Is the US Auto Industry out of the Woods?

The economy is not what it used to be, and most people are feeling the grasp of higher prices, increased interest rates, and lowered incomes. All of the downward trends in the economy has lead to the slowing of the automobile industry in recent years. Since 2008, the automobile industry has faced serious cut-backs, to the point that many companies required government help to remain in business.

A few years ago, many U.S. automobile companies were facing bankruptcy. A few companies, such as Saturn and Pontiac, actually went bankrupt and were absorbed by other vehicle manufacturers. To prevent this from happening to many more companies, which could have shut down much of the industry in the Mid West, the government infused the automotive industry with several billion dollars worth of stimulants. This helped many car manufacturers remain on their feet throughout the most difficult time of the economy.

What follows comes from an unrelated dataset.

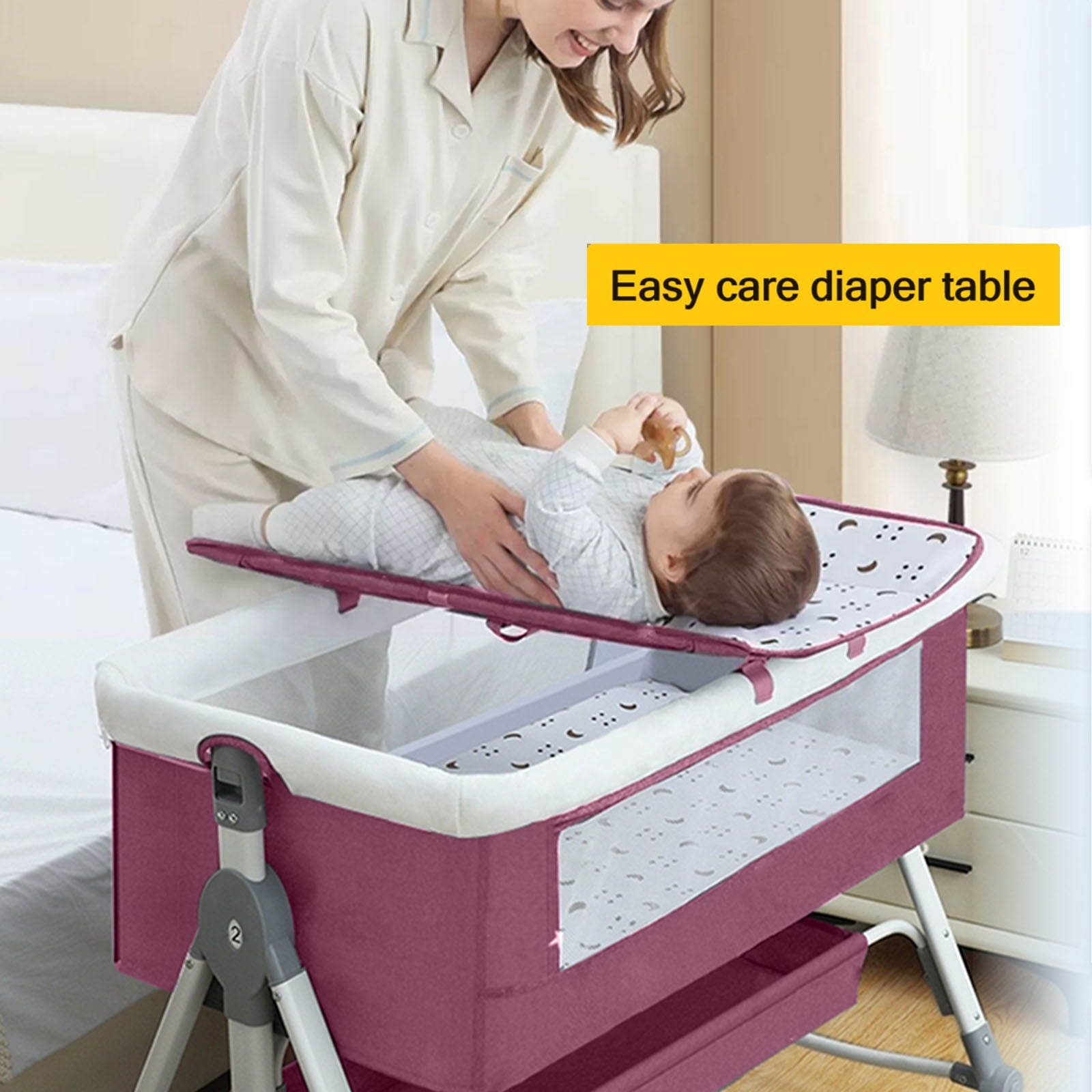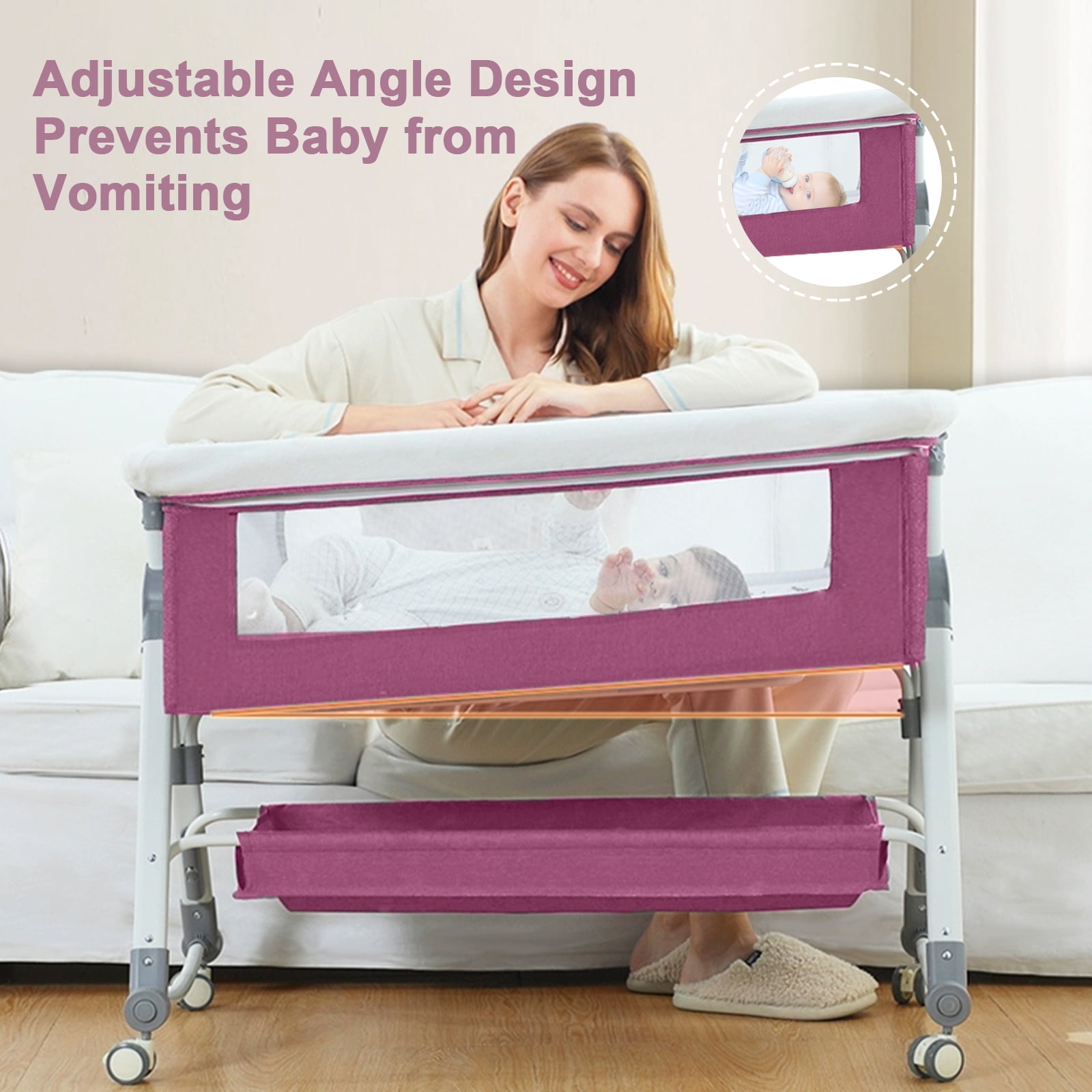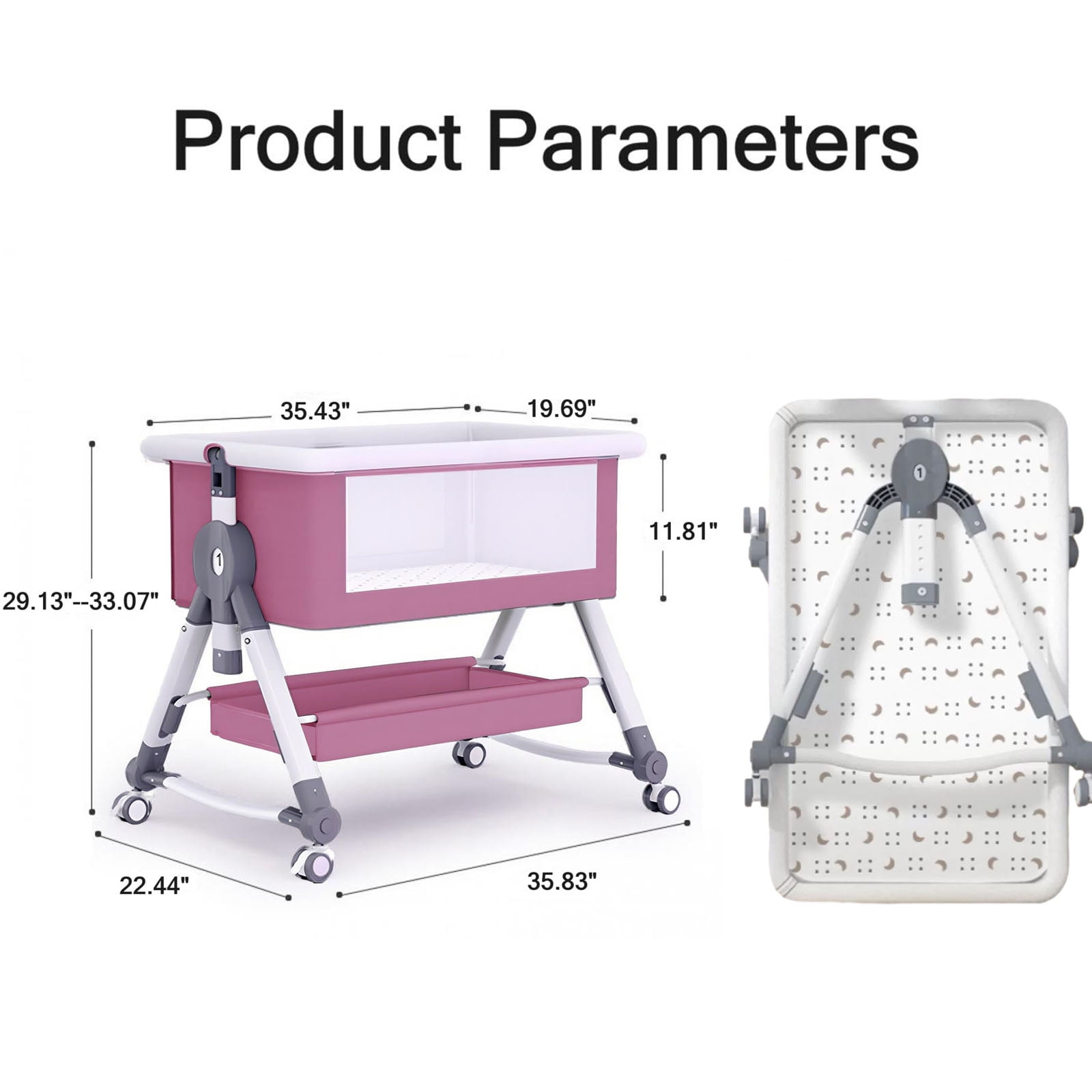 【5 Height Adjustment & Stable Structure】The baby bedside crib has 5 levels of height adjustment, suitable for adult beds of different heights. Adopting a high load-bearing thick steel pipe bracket and a golden triangle stable structure, it effectively prevents the baby’s bassinet from flipping over. 【Changing Table & Large Storage Basket】The baby bassinet is equipped with a changing table and a large storage basket to store various items of the baby, providing convenience for parents to change diapers for their babies. 【Rocking Mode & Stationary Mode 】There are two modes for the Bedside Crib, stationary mode and rocking mode. You can easily switch to rocking mode to let your baby relax. Detachable mosquito net with zipper to prevent mosquitoes and block strong light. 【Silent Universal Wheels & Comfort Mattresses】The silent universal wheel can be locked, making it easy for you to push it effortlessly. Equipped with a comfortable mattress to protect the baby’s spine, detachable and washable. Baby Bedside Crib fabric is skin friendly, comfortable and breathable. 【Foldable and Easy to Store】You can quickly and easily fold it, store it in the corners of your home and in the back of your car, making it more convenient to carry when going out. 【After-sale Service】If there are any quality issues, please feel free to contact us at any time. Brand: EONROACOO Color: Gray, Pink Weight: 18.82 lb Material: Carbon Steel Linen Cotton Gender: unisex, baby girls, baby boys Design: foldable, 5 adjustable height Type: Bassinet with wheels and changing table Weight bearing: 50KG Age range: 0-24 months Size: 35.83″ x 22.44″ x 33.07″

However, the stimulus was not enough to bring the auto industry back to what it once was. Many people stopped purchasing new vehicles due to job losses and income cut-backs in their own workplaces. Banks were unable to hand out loans to all but the most-qualified people, which also prevented many people from purchasing the vehicles that they wished to own. This forced many factories and companies to make significant cutbacks, firing many workers and even closing a large number of factories.

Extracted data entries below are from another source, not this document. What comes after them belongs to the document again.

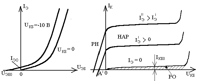 При UКБ = 0 характеристика подобна ВАХ p-n-перехода. С ростом обратного напряжения UКБ (UКБ < 0 для p-n-p-транзистора) вследствие уменьшения ширины базовой области (эффект Эрли) происходит смещение характеристики вверх: IЭ растет при выбранном значении UЭБ. Если поддерживается постоянным ток эмиттера (IЭ = const), т.е. градиент концентрации дырок в базовой области остается прежним, то необходимо понизить напряжение UЭБ, (характеристика сдвигается влево). Следует заметить, что при UКБ < 0 и UЭБ = 0 существует небольшой ток эмиттера IЭ0, который становится равным нулю только при некотором обратном напряжении UЭБ0.
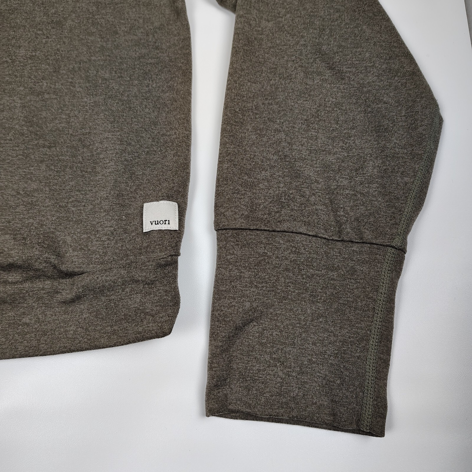 VUORI Halo Essential Hoodie Pullover VW226 Heather Green (Olive green, I dont know official color name) Womens Size XL In Very Good Pre-Owned Condition Measurements in flat Under Arm to Under arm:21.5 inches Shoulder to Hem:21 inches Sleeve:25 inches Please check the measurements & conditions in photos and I recommend you to compare with your favorite hoodie! Pre-owned clothing may have a variance in size and fit. If you have any questions, please let me know. Smoke Free, Pet Free Home Visit my store for new listings! Thank you for looking!
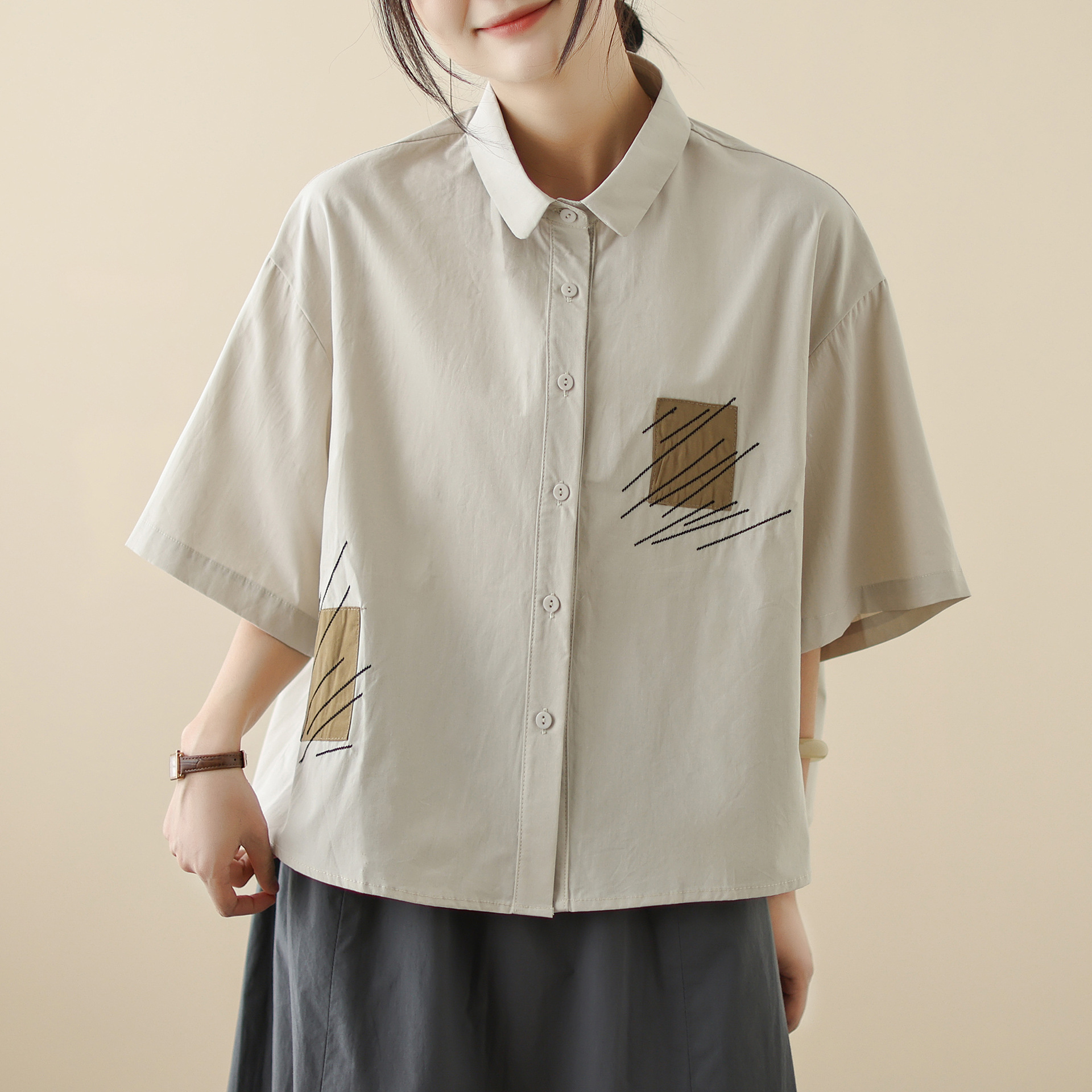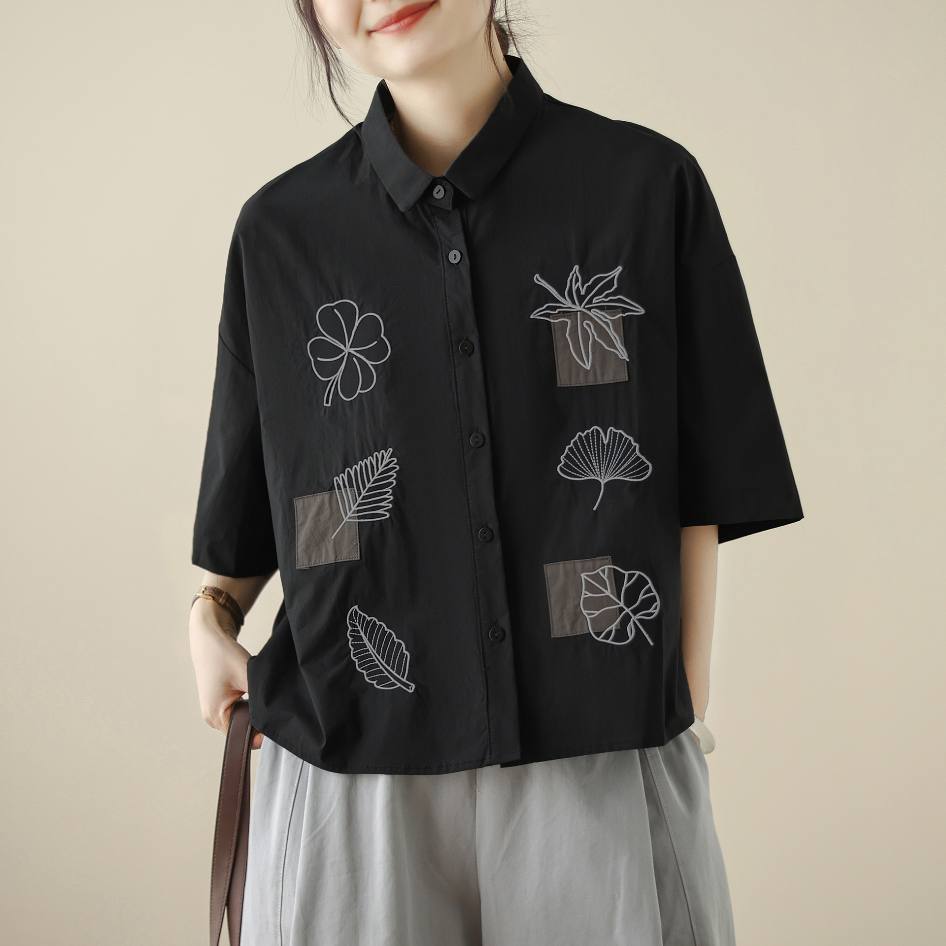Xnyr3015日系大衆デザイン感刺繍シャツ女性2025夏の新型ファッション百合半袖上着

In response to the lowered demand for vehicles, vehicle manufacturers searched desperately for ways to increase car purchases. The rising cost of gas made the desire for fuel-efficient vehicles much higher than in the past. Many manufacturers started manufacturing fuel-efficient vehicles in hopes of attracting customers who needed to save on the cost of gas. Many vehicle companies saw an increase in business due to this move.

Other vehicle manufacturers decided to lower the overall costs of vehicles and create a budget line of vehicles to help those in need. Many manufacturers created a low-end model of their vehicles which cost thousands less than other models. This helped families strapped for cash to still be able to afford a new vehicle when necessary.  One company who did this was Ford, who altered Mustang Accessories from previous models in order to hit certain price points for a wider range of customers.

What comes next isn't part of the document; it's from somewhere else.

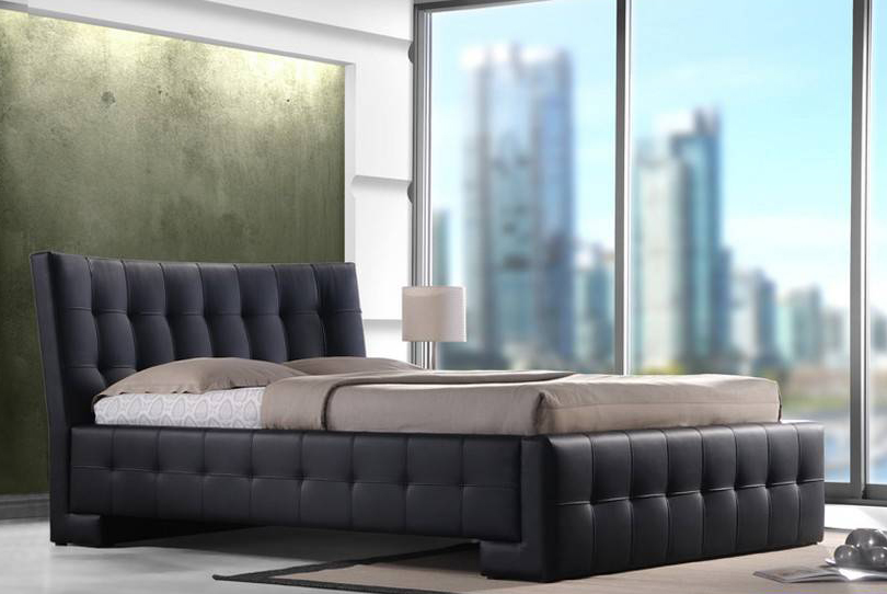 Кровать из экокожи с высоким изголовьем
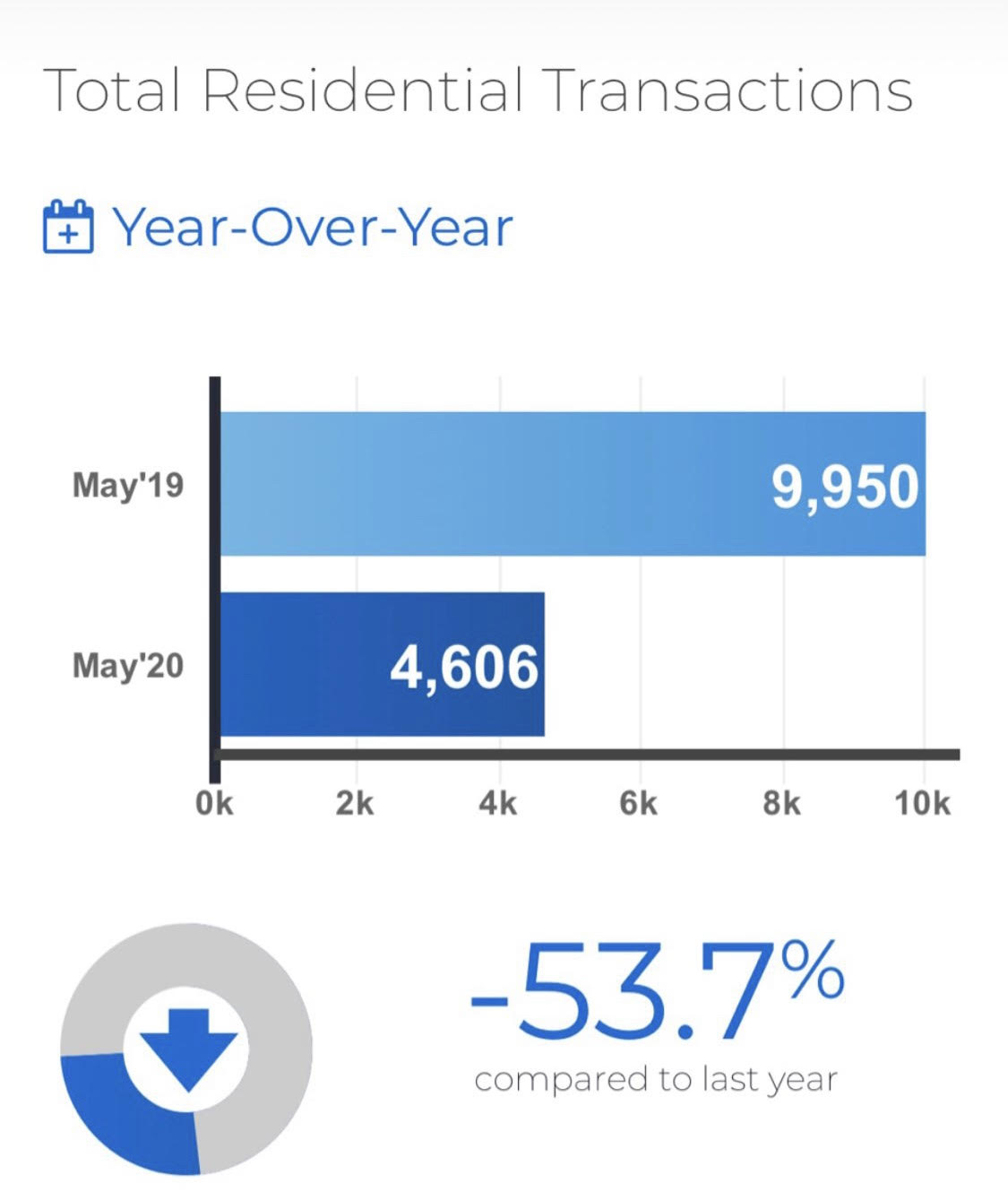 Toronto Regional Real Estate Board President Michael Collins announced that Greater Toronto Area REALTORS® reported 4,606 sales through TRREB’s MLS® System in May 2020. This result was down by 53.7 per cent compared to May 2019. While the number of sales was down substantially on a year-over-year basis due to the continued impact of COVID-19, the decline was less than the 67.1 per cent year-over-year decline reported for April 2020.

All of these steps have helped improve the automotive industry and bring some life back into the industry. Many vehicle manufacturers are seeing sales rise by up to 80 percent over past years. However, even though the business is increasing, it has not reached the level that it was before the economic downturn. It seems that today’s shoppers are more wary of making large purchases like a new vehicle and would rather invest their money in other areas of life. Incomes are still low, and unemployment is still high, although that is improving as well. It will still take quite some time and effort to help the automotive industry return to the glory days of the past.

Although some of these problems are in the past, the economy is in no way fully recovered. Until more people see higher incomes and a more stable economy, it is unlikely that the vehicle industry will ever return to what it once was. Today’s vehicle buyers are more interested in purchasing vehicles that will last long, provide a high fuel-efficiency, and remain reliable throughout the use of the vehicle. Fewer people are purchasing vehicles just for fun these days, and more are hanging onto their vehicles for 6 years or more, simply to maximize the investment in the vehicle. Although the automotive industry will likely never be like it was before, with continued improvement, the new feature of automotive success will arrive within the next few years.